=== SOURCE DATA ===

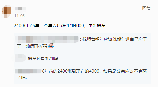 很多网友都在互相分享遭遇,涨租幅度有涨到4000新的,也有涨到5400新的......有点同病相怜的意味
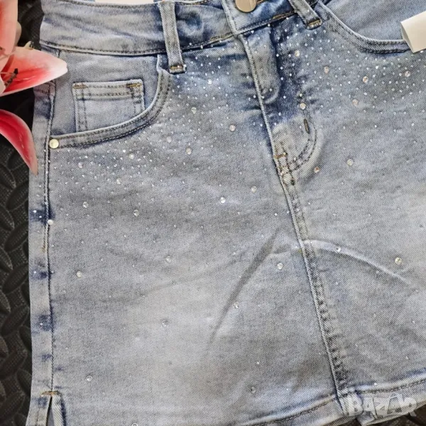 Пола- панталон 45.00лв Мек и еластичен деним с апликация от камъчета Налични размери 25,26 27,28,29,30
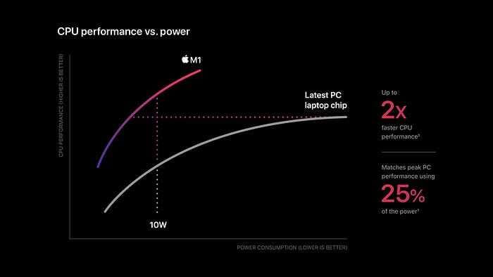 Image d’illustration Apple des performances des Macs M1 vs Macs Intel
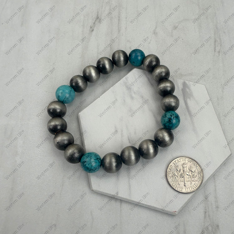 10 mm Silver Navajo pearl with blue turquoise stone beads stretch Bracelet
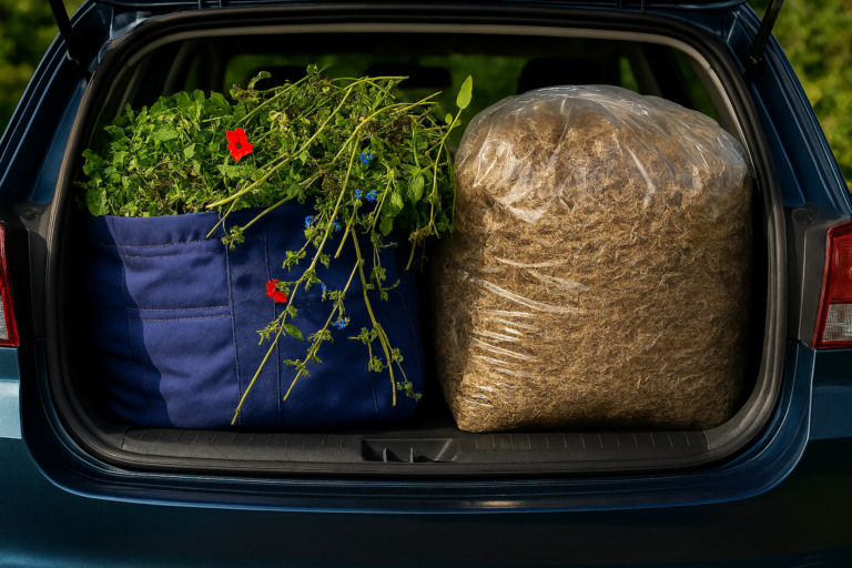 Saubere Grünabfall-Anlieferung: Gartenabfälle im Kofferraum

===

An exact copy of every line above, minus the pictures, is the required output.

 很多网友都在互相分享遭遇,涨租幅度有涨到4000新的,也有涨到5400新的......有点同病相怜的意味
 Пола- панталон 45.00лв Мек и еластичен деним с апликация от камъчета Налични размери 25,26 27,28,29,30
 Image d’illustration Apple des performances des Macs M1 vs Macs Intel
 10 mm Silver Navajo pearl with blue turquoise stone beads stretch Bracelet
 Saubere Grünabfall-Anlieferung: Gartenabfälle im Kofferraum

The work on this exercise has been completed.